We don't know what you're asking, can you give an example?

Meanwhile the question you don't seem to have intended turns out to be interesting: counting the coprime pairs. I worked out the answer using the

inclusion-exclusion principle and got 6231 coprime pairs. Then I wrote a Python program and got 6262 coprime pairs. So I'm close and have an error either in my combinatorics or my code. Getting late so I'll have to wait till tomorrow to resolve the discrepancy.

What I did was to count the number of noncoprime pairs and subtract that from 10,000.
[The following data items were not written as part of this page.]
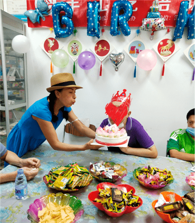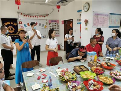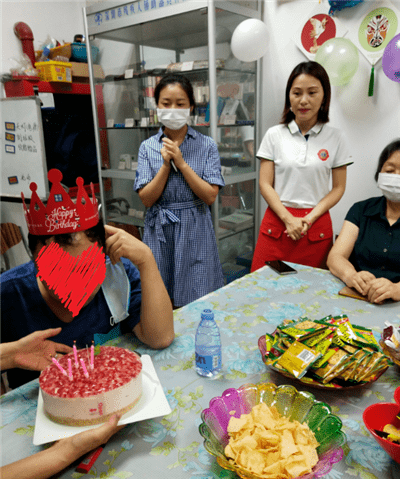活动当天,恰逢园岭街道职康中心为当季度寿星组织生日庆祝宴。在杨老师的主持下,在场的狮友们和园岭街道职康中心的残障人士一边鼓掌一边唱着生日歌,并与寿星们分享幸福的蛋糕。大家一起过了一个非常有意义的生日会。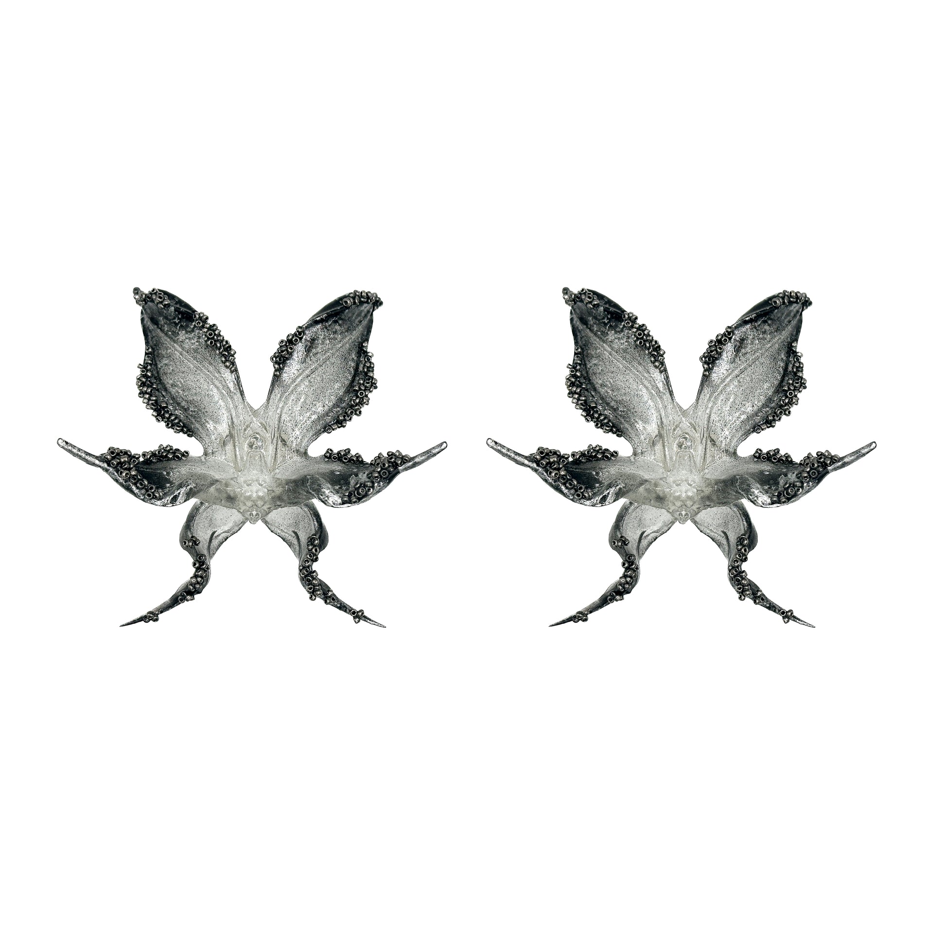 Silver orchid earrings with a soft, luminous shine. The beaded details catch the light, creating a delicate, moonlit effect.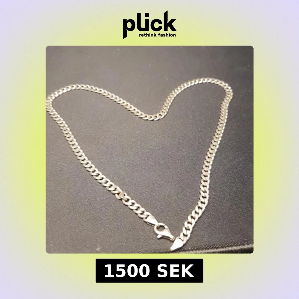 Snyggt silverfärgat halsband med en robust karbinhake. Kedjan har en klassisk design med platta länkar som ger en stilren look. Perfekt för att komplettera din outfit med en touch av elegans.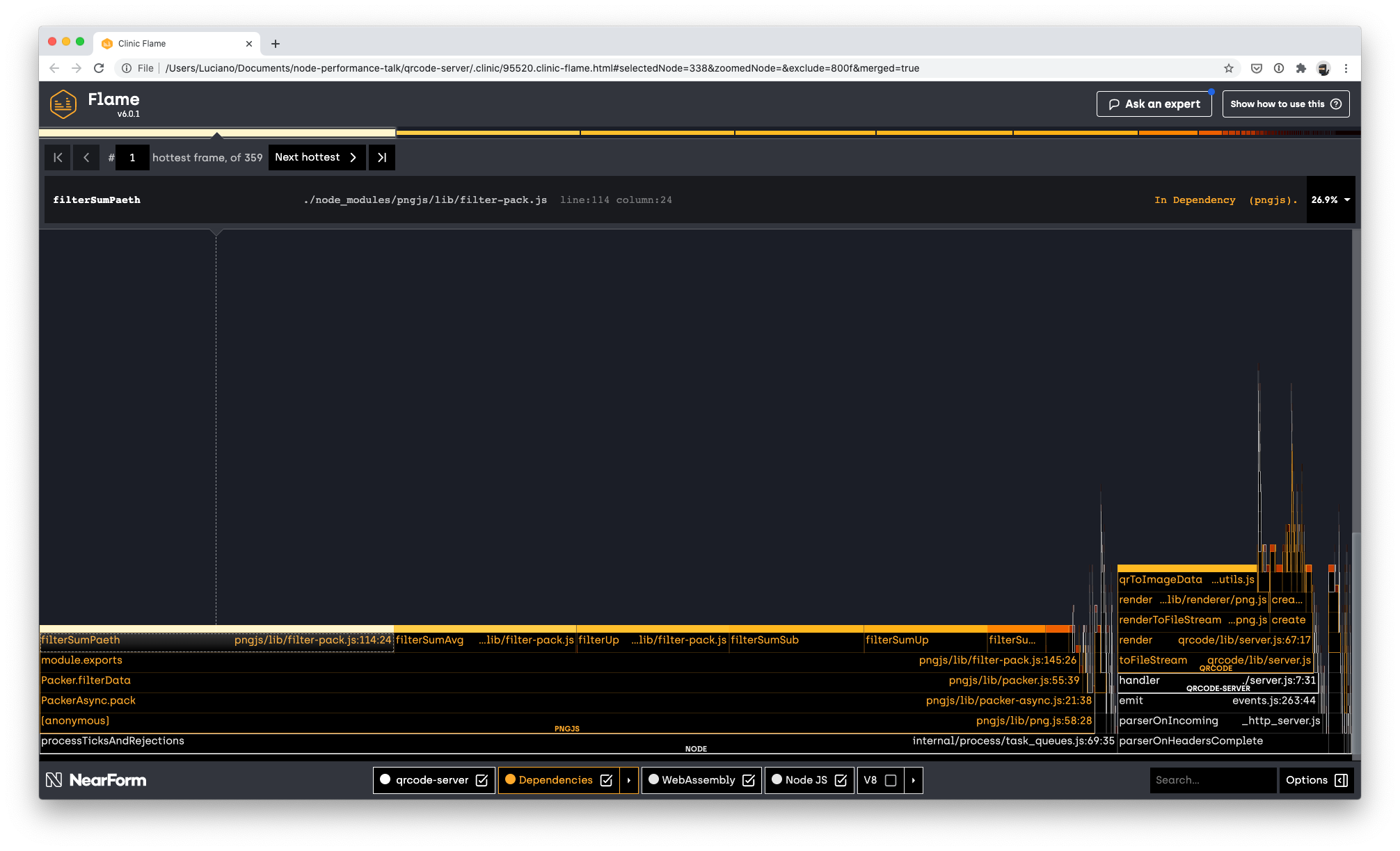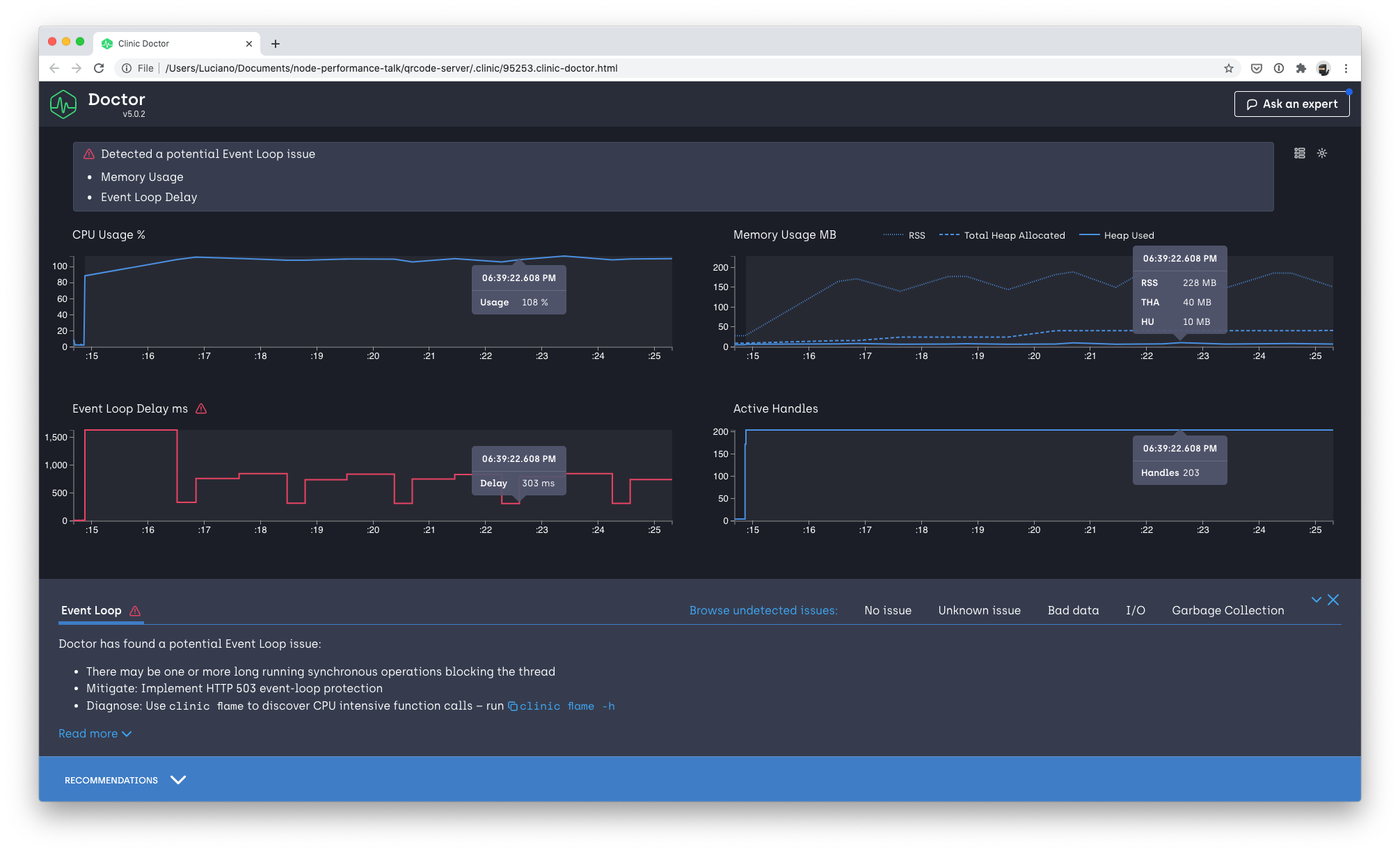 333k requests in 10.1s, 51.9 MB readclinic doctor --autocannon [ -c 200 '/?data=ciao๐' ] -- node server.jsclinic flame --autocannon [ -c 200 '/?data=ciao๐' ] -- node server.jsclinic bubble --autocannon [ -c 200 '/?data=ciao๐' ] -- node server.jsLogs - Metrics - Traces

For example if both members of a pair are divisible by 2 that's a noncoprime. For convenience I say "2 divides the pair."

There are 50 even numbers between 1 and 100, computed as 100/2 = 50. All divisions are integer divisions throughout. The number of such pairs is 50^2 = 2500.

Likewise there are 100/3 = 33^2 = 1089 pairs divisible by 3.

But now I've counted pairs like (6,6) twice. I have to subtract off (100/6)^2. Continuing like this I have to subtract off all the pairwise intersections. But if a pair is in a three-fold intersection I've overcounted the subtractions and have to add that one back. This can get confusing but the inclusion-exclusion principle lets you just crank it out using a formula. You take the sum of all the odd-fold intersections (including the original sets of pairs divisible by 2, 3, 5, and 7); minus the sum of all the even-fold pairs.

Gotta go find my 31 pair discrepancy.

(Edit) -- I've got it, small arithmetic mistake. 6262 coprime pairs, computed two different ways, by inclusion-exclusion and by program.